Editorial for Special Issue “Biotechnology for Environmental Remediation”

Elena Efremenko 1
PMCID: PMC12943247  PMID: 41753570

Environmental pollution continues to be an urgent global problem that requires innovative solution approaches, and biotechnology promises to address environmental problems and also serve as a scientific and practical basis for the remediation of various natural and artificial systems. Due to the current state of affairs and future market forecasts [1], biotechnological tools possess immense potential for the effective removal of pollutants, the mitigation of the effects of pollution, and the restoration of ecosystems. Various types of pollutants (e.g., petroleum products, metals, pesticides, pharmaceuticals, toxins, hormones, alkaloids, ionic liquids, detergents, microplastics, prions, etc.) and their complex combinations are the main targets of the microbiological purification of waters, soils, and the atmosphere. Advanced methods, whether already known or newly emerging, for the effective treatment and degradation of accumulated industrial and agricultural wastes also represent areas of significant interest for basic and applied biotechnology.

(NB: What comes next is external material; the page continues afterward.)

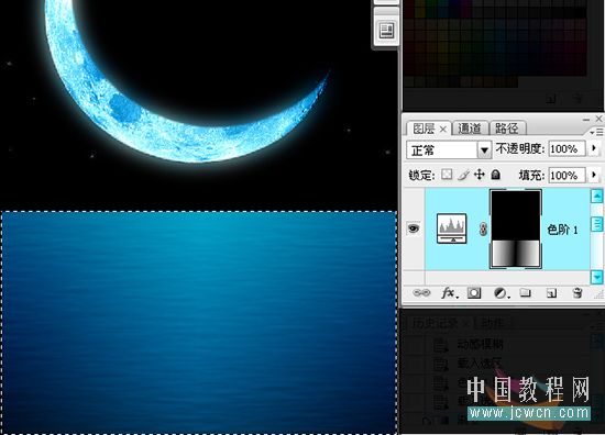 7.按住ctrl点击"色阶"调整层的蒙版,载入选区,然后在选区的地方,拉一条黑白的"对称渐变",使月亮下方的位置比较亮

The main objects of research in the field of remediation biotechnology include various strains of microorganisms and their enzymes, natural and artificial microbial consortia, biotechnological processes using active biocatalysts, and carriers of microbial cells. Within this framework, combinations of certain biocatalytic systems in multi-stage processes are also attractive components of microbiological processes developed for environmental bioremediation. All new achievements in this field are based on contemporary accumulated scientific knowledge, which makes it possible to choose specific microorganisms and conditions for the treatment of a specific substrate (pollutant).

This editorial introduces this Special Issue of Microorganisms on “Biotechnology for Environmental Remediation”, which comprises 13 articles that highlight the progress and importance of new approaches to the remediation of different environments using newly isolated or process-adapted microorganisms that can demonstrate improved beneficial functions compared to known analogues. The participation of authors from 12 countries (China, Russia, South Africa, Spain, Chile, Greece, Egypt, Bangladesh, Peru, the Republic of Korea, Japan, and the USA) in the preparation of these review and research articles confirms the internationality of the biotechnological and environmental remediation problems discussed. The content of the performed investigations reflects the multi- and interdisciplinary nature of research activity in this field, where various microorganisms (bacteria, microalgae, and fungi) are at the forefront of the solutions being sought.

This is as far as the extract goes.